Wire transfers are typically governed by a portion of the Uniform Commercial Code designed for business transactions that states that a refund is not required if “an agreed, commercially reasonable security procedure is in place” and the bank demonstrates that it accepted the transfer order in good faith.
However, Attorney General James' lawsuit argues that greater consumer protection is warranted: She argues that Regulation E, the regulatory portion of the Electronic Fund Transfer Act, known as EFTA, should apply when transfers are made available online and through mobile banking apps. That requires banks to pay compensation to victims, as they do with other electronic transfers or debit card fraud, when their money is lost or stolen through unauthorized electronic payments. Liability is generally limited to $500 if the bank is notified within 60 days.
Carla Sanchez-Adams, a senior attorney specializing in banking and payment systems at the National Consumer Law Center, agreed with the lawsuit's position and said that transfers initiated in the same way, electronically, should come with similar protections. From a consumer perspective, “everything is the same,” she added.
Banks argue that the law is clarified and bank-to-bank transfers are excluded from the EFTA. However, consumer advocates point out that when EFTA was founded in 1978, consumer transfers were rarely used – and certainly not through online banking, which did not yet exist.
In January, a federal district court judge rejected Citi's request to dismiss the New York lawsuit, a decision that Citi appealed in September.
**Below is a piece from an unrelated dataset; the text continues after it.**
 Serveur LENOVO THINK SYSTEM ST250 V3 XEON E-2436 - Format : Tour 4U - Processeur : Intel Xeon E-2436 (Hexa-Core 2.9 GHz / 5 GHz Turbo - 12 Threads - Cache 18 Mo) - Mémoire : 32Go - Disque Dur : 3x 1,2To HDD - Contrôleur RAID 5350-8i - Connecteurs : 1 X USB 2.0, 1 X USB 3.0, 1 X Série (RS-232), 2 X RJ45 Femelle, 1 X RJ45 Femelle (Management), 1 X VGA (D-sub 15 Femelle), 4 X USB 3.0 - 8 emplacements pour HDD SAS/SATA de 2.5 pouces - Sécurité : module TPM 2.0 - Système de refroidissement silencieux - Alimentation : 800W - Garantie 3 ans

A coalition of other banks and credit unions have rallied behind Citi and filed an amicus brief supporting its appeal to the Second Circuit.
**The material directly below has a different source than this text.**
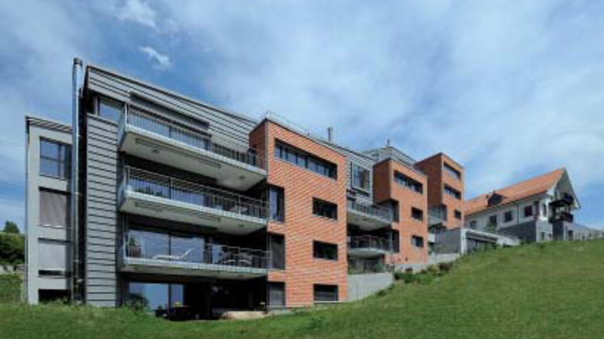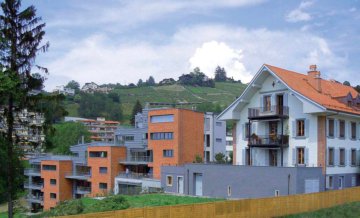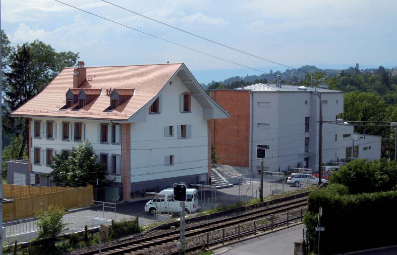 Longtemps laissé à l’abandon, ce site intéressant mais difficile, a connu diverses tribulations jusqu’à la prise en main d’un projet conduit en collaboration avec le Service des Monuments et Sites de l’Etat. En précisant les critères liés à la protection du patrimoine, le nouveau projet, incluant le déplacement de la route qui passait au milieu du terrain aux frais des promoteurs, concrétise la solution acceptable trouvée pour satisfaire aux oppositions. En définitive, le projet comprend deux unités d’habitations, l’une étant la maison de Maître rénovée avec quatre appartements et l’autre, une construction nouvelle comprenant douze logements avec garage intérieur de dix-neuf places. L’ensemble permet non seulement de valoriser le site au bénéfice de ses habitants ou utilisateurs, mais aussi d’améliorer la qualité du transit et la sécurité sur la route de la Bernadaz, par ailleurs reprofilée et réaménagée dans sa section inférieure pour sus-citer une limitation du trafic.

Some financial institutions are already threatening that a “seismic shift in regulatory treatment” could lead them to eliminate wired connections for consumers altogether.
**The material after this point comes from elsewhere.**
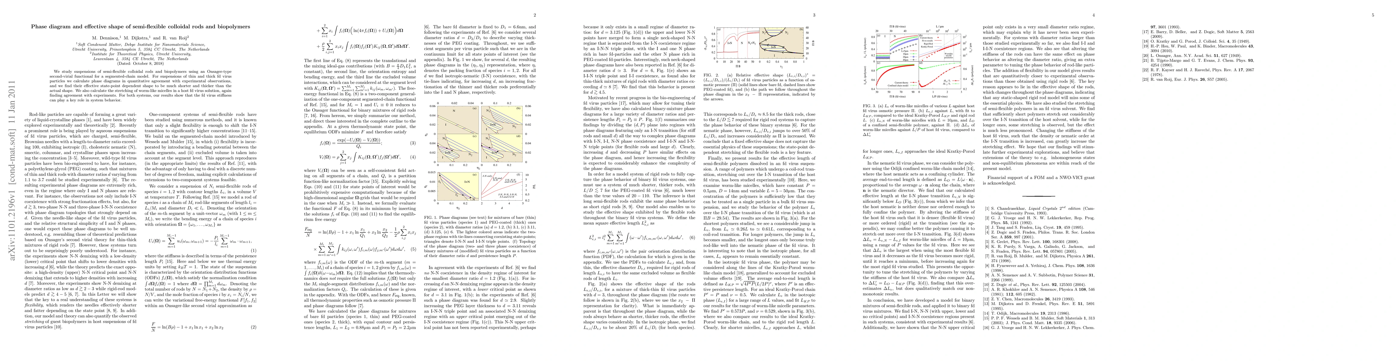 We study suspensions of semi-flexible colloidal rods and biopolymers using an Onsager-type second-virial functional for a segmented-chain model. For suspensions of thin and thick fd virus particles we calculate phase diagrams in quantitative agreement with experimental observations, and we find their effective state-point dependent shape to be much shorter and thicker than the actual shape. We also calculate the stretching of worm-like micelles in a host fd virus solution, again finding agreement with experiments. For both systems, our results show that the fd virus stiffness can play a key role in system behavior.

Mr. Welles still has difficulty understanding exactly how the fraudster carried out the plan. His private banker answered some of his security-related questions in an email that said The transfer recipient was added using “direct debit/PIN verification” and a one-time password was sent via SMS to confirm the transfer – both of which the fraudsters had apparently accessed. Mr. Welles later learned from a police report that the money was transferred to an account registered with Wells Fargo under the name Adedela Sodiq.
A Wells Fargo spokesman declined to say whether that account was closed or under investigation.
In a statement, Citi said it takes customer protection seriously and has robust controls and processes in place. The bank said it also offers customizable alerts that customers can receive when transactions exceed an amount they choose.
There is no way to prevent transactions above a certain amount from being executed. When Mr. Welles asked his private bank representatives to call his advisor before making transfers of more than $10,000, they told him that the system itself determined the required authentication per transaction and “could not direct that a non-account holder be called for transactions above a certain amount,” according to their email correspondence last month.
Weeks later, the fraudsters continued to torment Mr. Welles.
He received a call from someone calling himself Mark Wood, who claimed to be a senior investigator at Citi – and promised he would get his money back in about a week. Mr. Welles notified his private bankers of the incident by email to confirm that they were indeed the fraudsters, which they did.
“Fortunately, even though it's a little worse, I'm still OK to get through the few years I have left to live a comfortable life,” he said in the Sept. 24 email, but not psychologically. “Fear dreams,” he added.
Susan C. Beachy and Alain Delaquérière contributed to the research.